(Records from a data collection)
------------------------------------------------------------------------

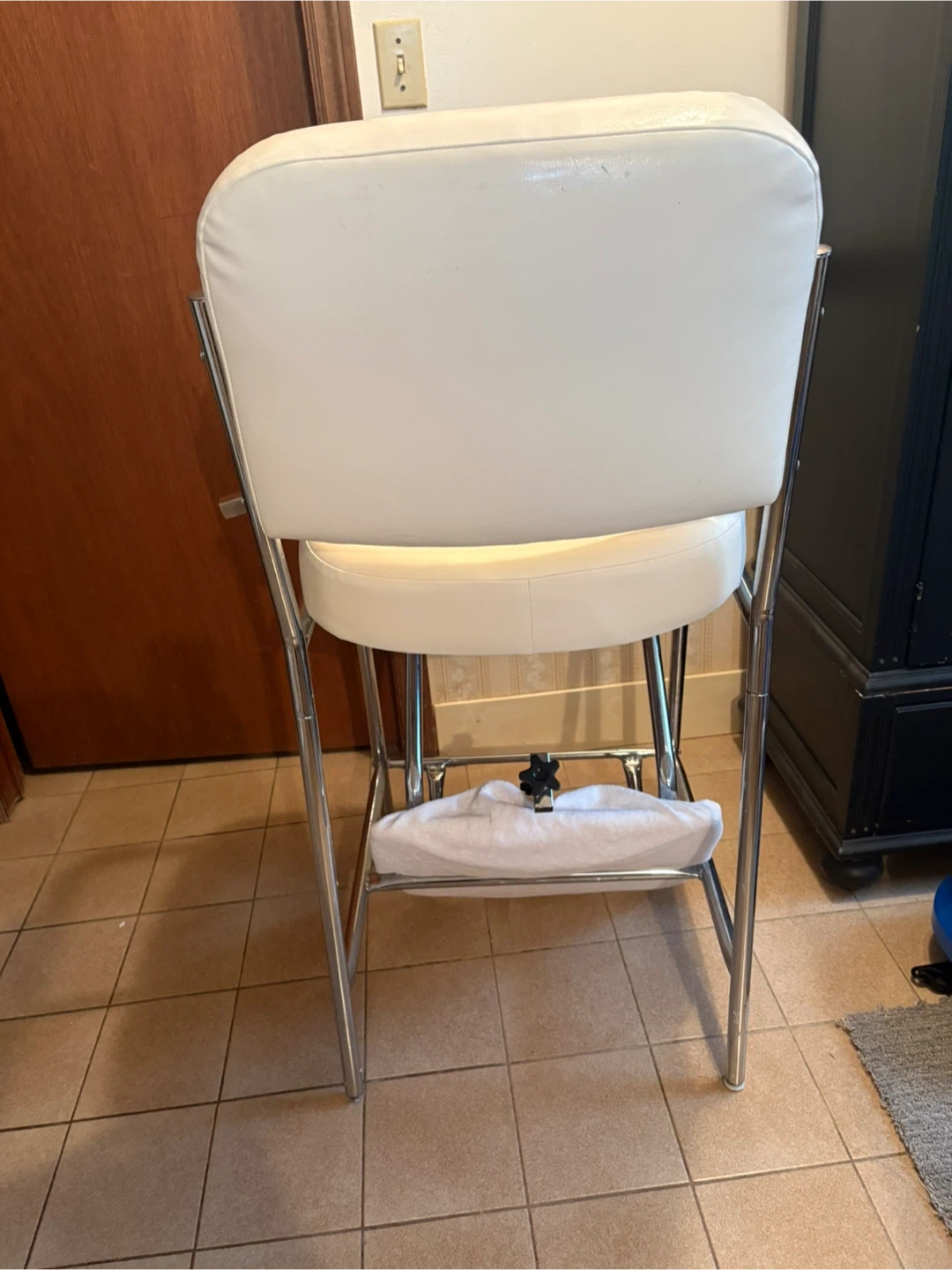 Pedicure chair featuring a chrome frame and white leather upholstery. It has a retro design with armrests and a footrest. This chair would be perfect for a salon.
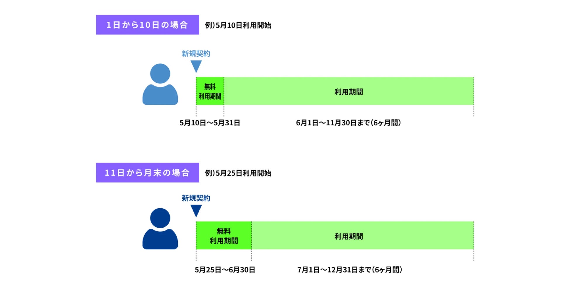 申し込み手続きはWEB完結し、最短当日より利用可能。無料利用期間の特典を用意。法人・個人問わずご購入いただけます。
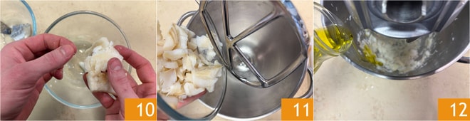 Auch die Gräten entfernen 10 und den Stockfisch mit den Händen zerkleinern. Den Stockfisch in eine Küchenmaschine mit Rühraufsatz umfüllen 11, einschalten und das Olivenöl langsam hinzugeben 12; Sie sollten eine cremige Konsistenz erhalten. Wenn er zu trocken sein sollte, können Sie nach und nach etwas vom Kochwasser des Stockfisches hinzufügen, bis die gewünschte Konsistenz erreicht ist.
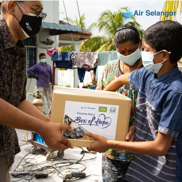 Air Selangor memaklumkan kotak bantuan yang dinamakan ‘Box of Hope’ itu mengandungi tepung, beras, susu dan minyak dihulurkan kepada mereka yang berada di sekitar Selangor, Kuala Lumpur dan Putrajaya.
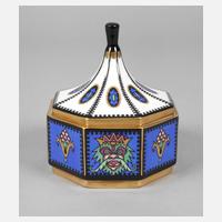 Entwurf Fritz Klee 1918, grüne Stempelmarke 1917-1925, Entwurfstempel und Pinselnummer 17, oktogonale Wandung mit abgesetztem Stand und zeltartig geformtem Stülpdeckel, alternierender Dekor aus stilisierter Maske bzw. Blütenmotiv und Ovalmedaillons auf dem Deckel in farbenfroher Aufglasurbemalung sowie Goldstaffage, guter Zustand, H 13,5 cm.
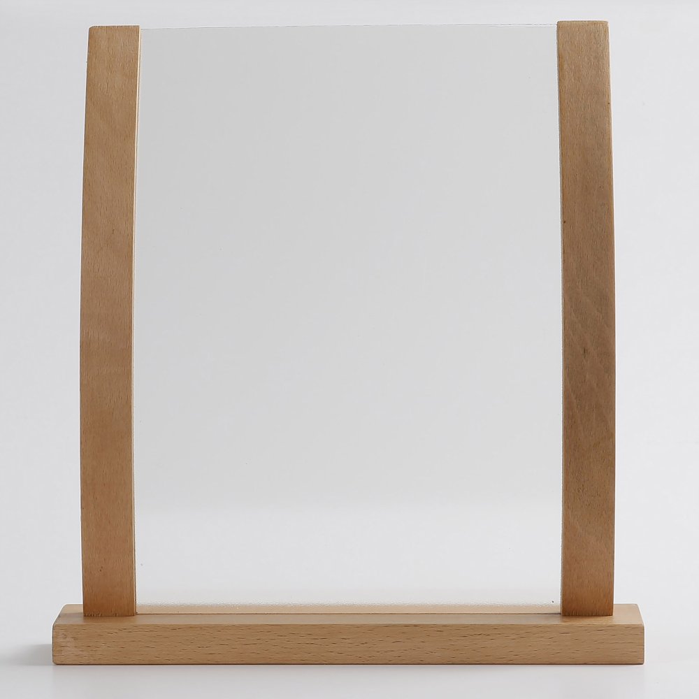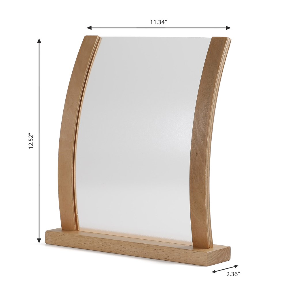 Natural Wood Curved Desktop Menu Holder with Pocket, 8.5″x11″ (Set of 2) – Elegant Display Stand for Restaurants and Offices
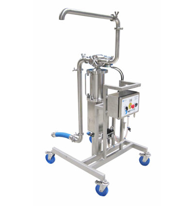 Product can be fed from an integrated hopper or a direct feed system from IBC, bulk vessel, cooking kettle or bratt pan.
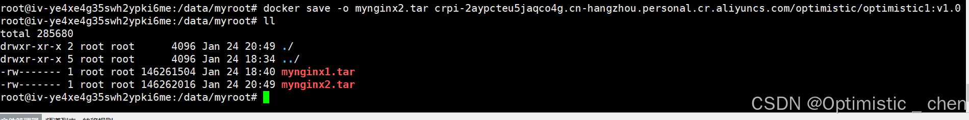 docker save -o mynginx2.tar crpi-2aypcteu5jaqco4g.cn-hangzhou.personal.cr.aliyuncs.com/optimistic/optimistic1:v1.0
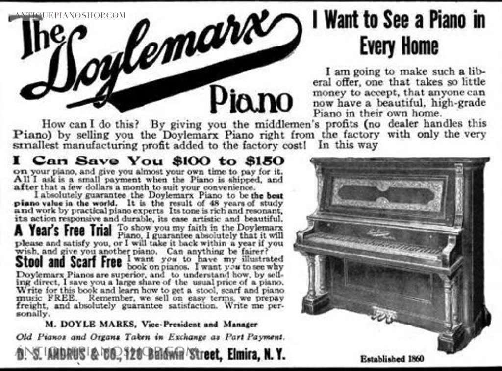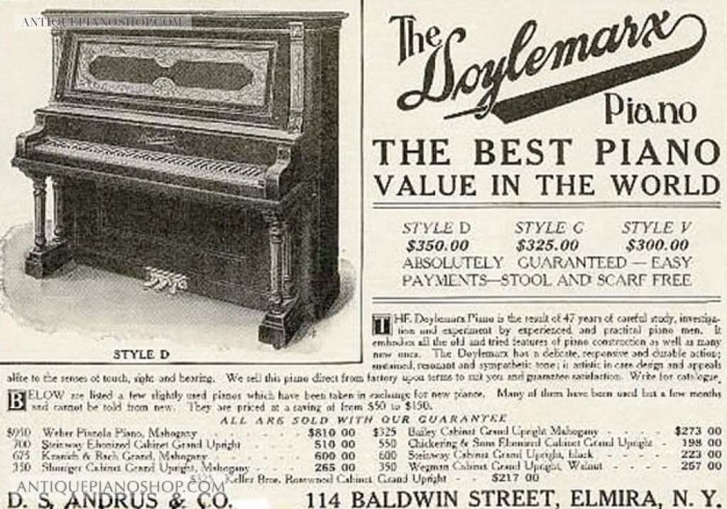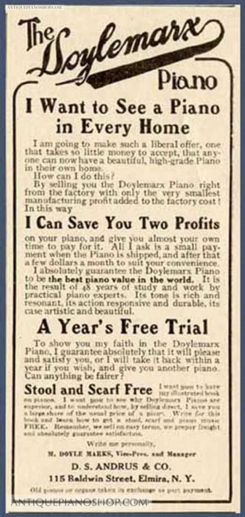 In 1904, Mr. Doyle Marks introduced a line of pianos built to his own specifications and designed to meet the need for a quality instrument at a low cost. With it came the trade name “Doylemarx“. The pianos, both uprights and grands, were manufactured in New York City, under the supervision of Julius Winter, and were distributed from Elmira throughout the country. In 1914, the firm’s name was officially changed from “D. S. Andrus & Company” to “M. Doyle Marks Company”.
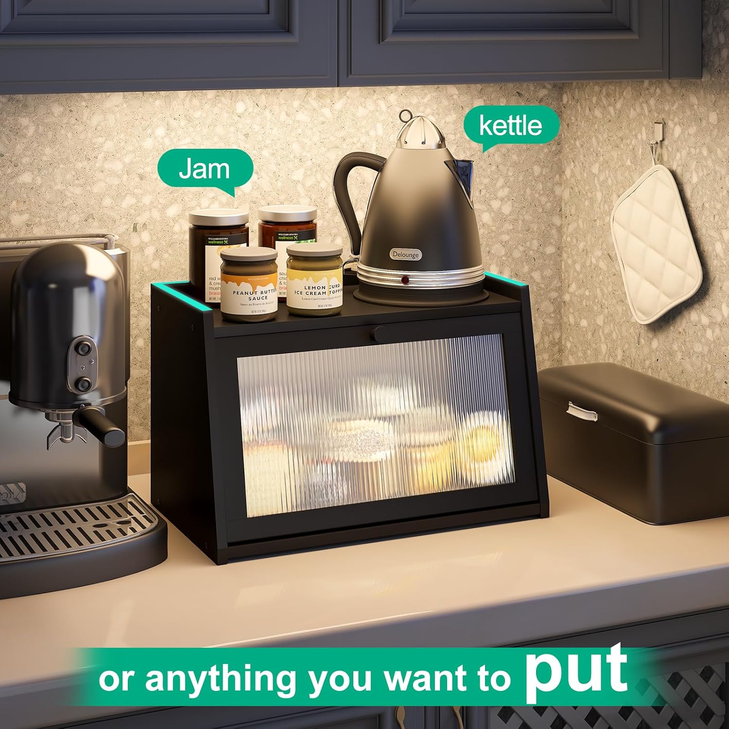 - [Flat Top Design] Super load-bearing capacity, any kitchen items you want can be placed on the bread box.
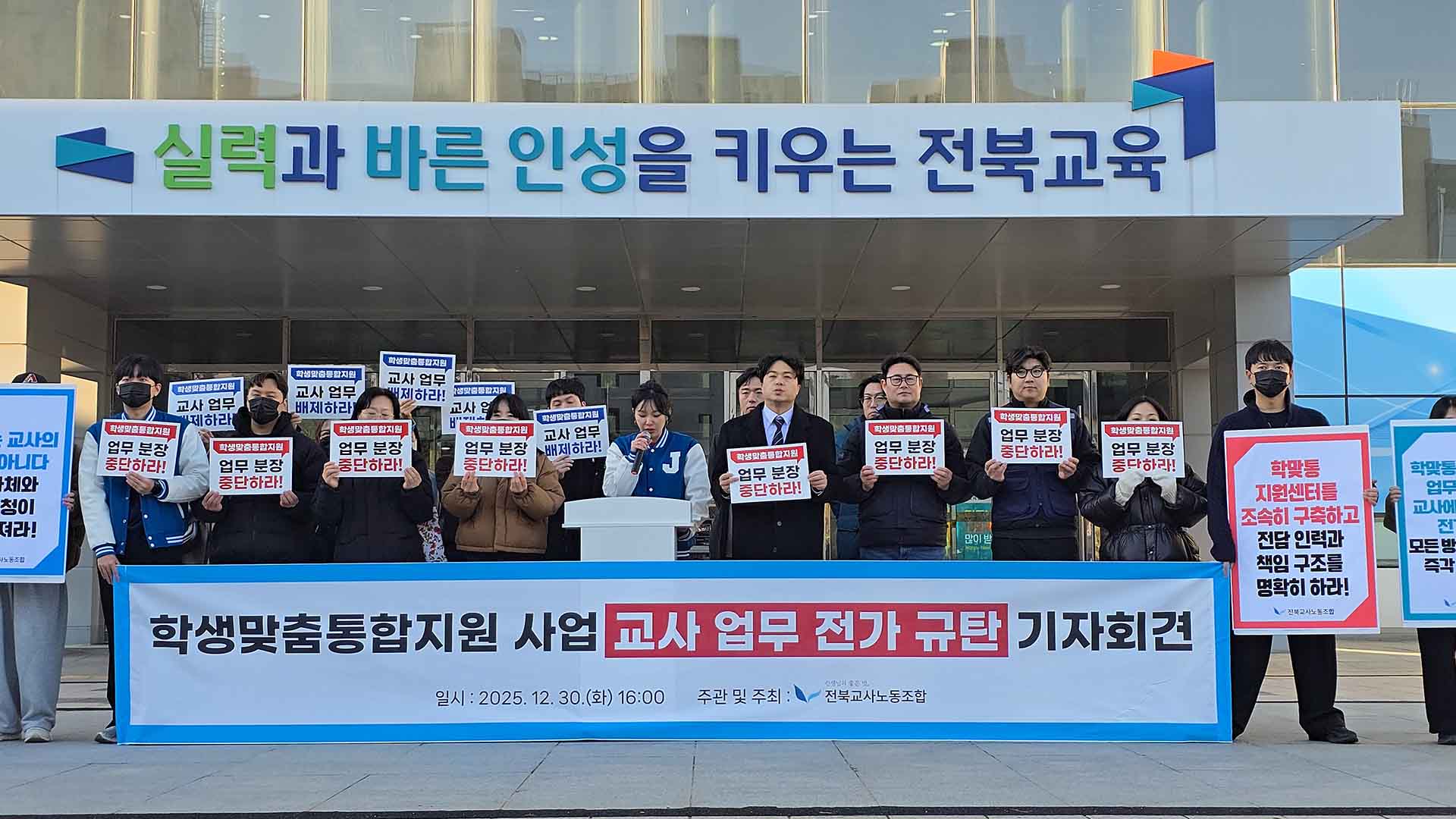 전북교사노조는 오늘(30) 전북교육청 앞에서 기자회견을 열고 해당 제도 도입으로 교육활동이 아닌 업무도 교사에게 전가될 가능성이 높다며 정책 재검토와 전담 인력 배치 등을 요구했습니다.
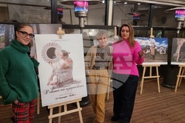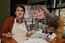 Скопие (27 ноември 2024) Работилница под надслов "В света на изкуството" се проведе тази вечер в Българския Културно-информационен Център (БКИЦ) в Скопие, Северна Македония. Актрисата Гергана Змийчарова проведе учение за рисуване върху торбички. На снимката: директорът на БКИЦ-Скопие Антония Велева (вдясно), актрисата Гергана Змийчарова (втората отдясно).
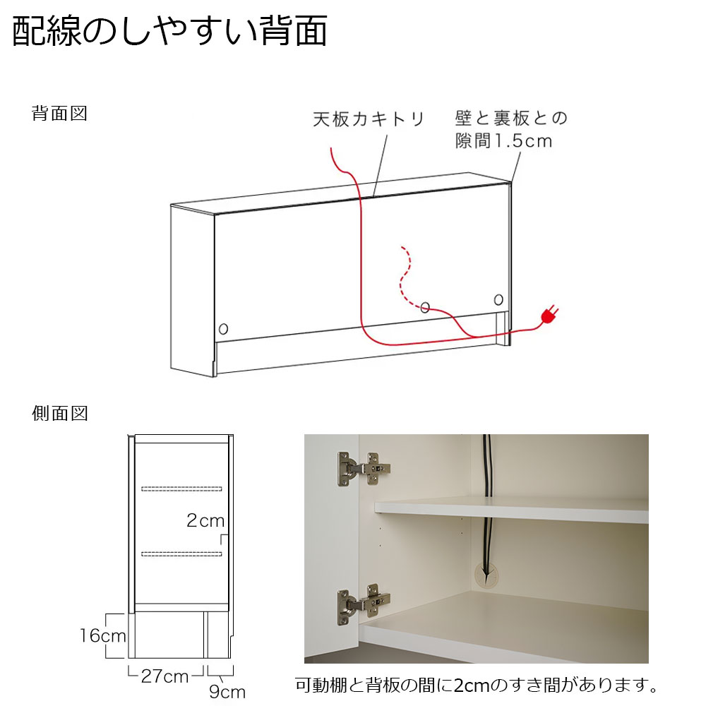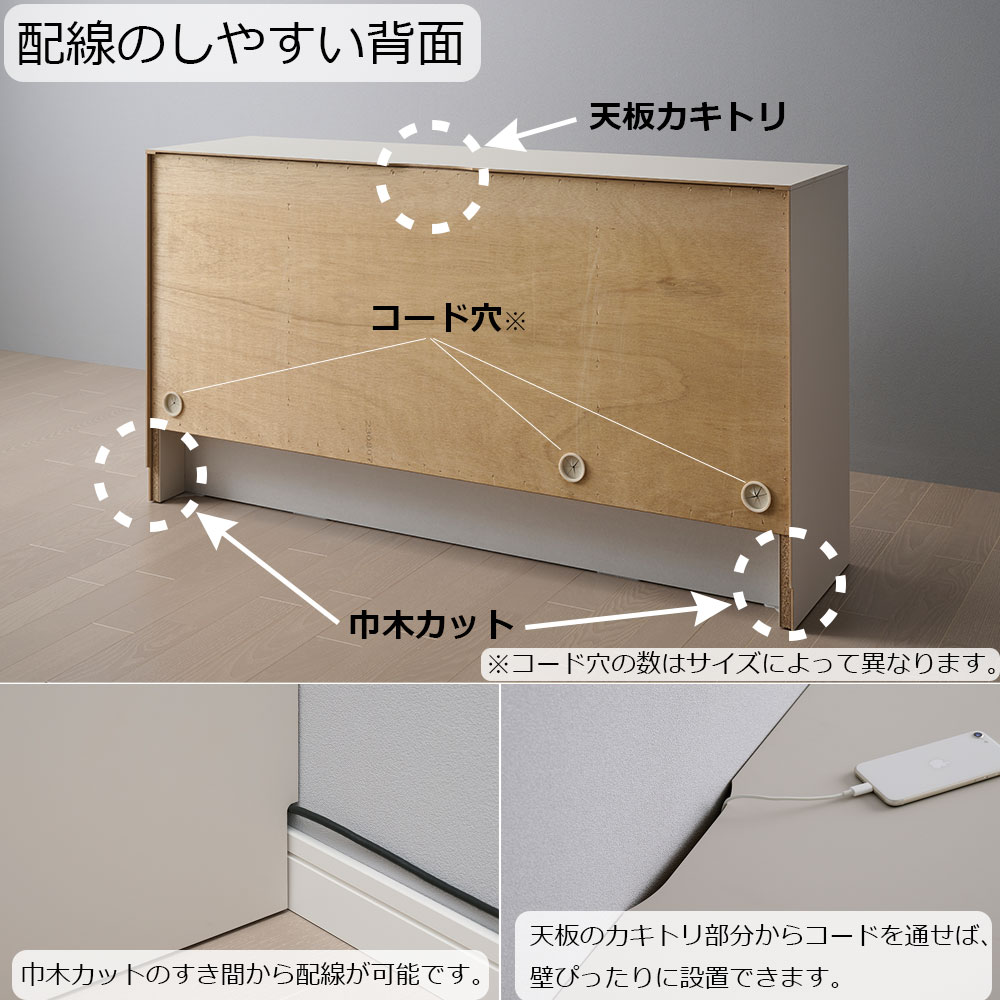 背面は配線のことも考えた設計。巾木カットと天板カキトリが設けられていることで壁にぴったりと設置できます。※画像はLI-150Cのイメージです。
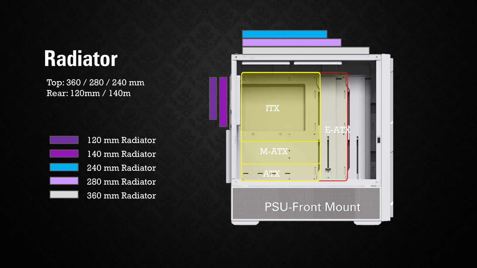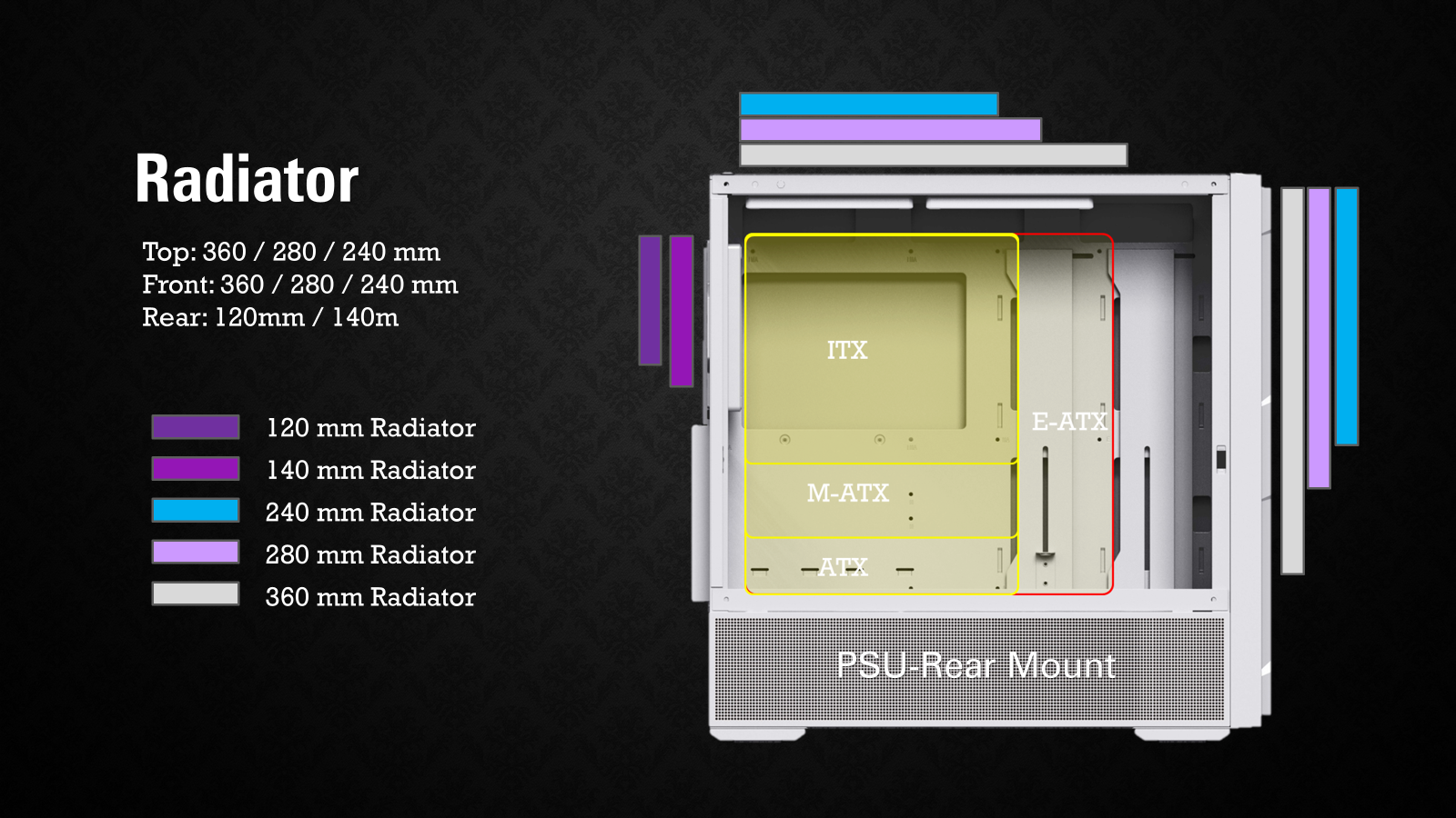 PSU Rear-Mount: Top : Up to 360 mm / 280mm / 240mm Front : up to 360 mm / 280 mm / 240 mm Rear : up to 140 mm / 120 mm PSU Front-Mount: Top : Up to 360 mm / 280mm / 240mm Rear : up to 140 mm / 120 mm |
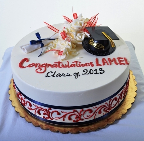 They’ve made it through the necessary courses – whether it was college, high school or even kindergarten – and that is reason enough to throw a party! This single round tier of white whipped cream icing is the perfect choice for an intimate gathering, and yet striking in both its design and simplicity. The outside surface is ringed with two narrow black ribbons, between which is a hand-piped red scroll design that pops from the surface in both color and texture. A small bouquet of cream-colored roses, spiked with red ribbon tufts adorns the top, along with a rolled and tied diploma, graduation hat, and the appropriate hand-piped Congratulations. Artistry in cake, indeed.
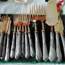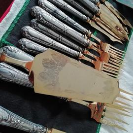 Antico servizio di posate da dessert, inizio 900, composto da: 6 forchette e 6coltelli decorati, paletta da torta, 2 forchette grandi e 2 coltelli da servizio lo.

------------------------------------------------------------------------

▶ **Exercise directions**: From the line containing "背面は配線のことも考えた設計" to the last line of the entries, output every line exactly as written, but leave out the pictures.

▶ **Answer to the exercise**:
 背面は配線のことも考えた設計。巾木カットと天板カキトリが設けられていることで壁にぴったりと設置できます。※画像はLI-150Cのイメージです。
 PSU Rear-Mount: Top : Up to 360 mm / 280mm / 240mm Front : up to 360 mm / 280 mm / 240 mm Rear : up to 140 mm / 120 mm PSU Front-Mount: Top : Up to 360 mm / 280mm / 240mm Rear : up to 140 mm / 120 mm |
 They’ve made it through the necessary courses – whether it was college, high school or even kindergarten – and that is reason enough to throw a party! This single round tier of white whipped cream icing is the perfect choice for an intimate gathering, and yet striking in both its design and simplicity. The outside surface is ringed with two narrow black ribbons, between which is a hand-piped red scroll design that pops from the surface in both color and texture. A small bouquet of cream-colored roses, spiked with red ribbon tufts adorns the top, along with a rolled and tied diploma, graduation hat, and the appropriate hand-piped Congratulations. Artistry in cake, indeed.
 Antico servizio di posate da dessert, inizio 900, composto da: 6 forchette e 6coltelli decorati, paletta da torta, 2 forchette grandi e 2 coltelli da servizio lo.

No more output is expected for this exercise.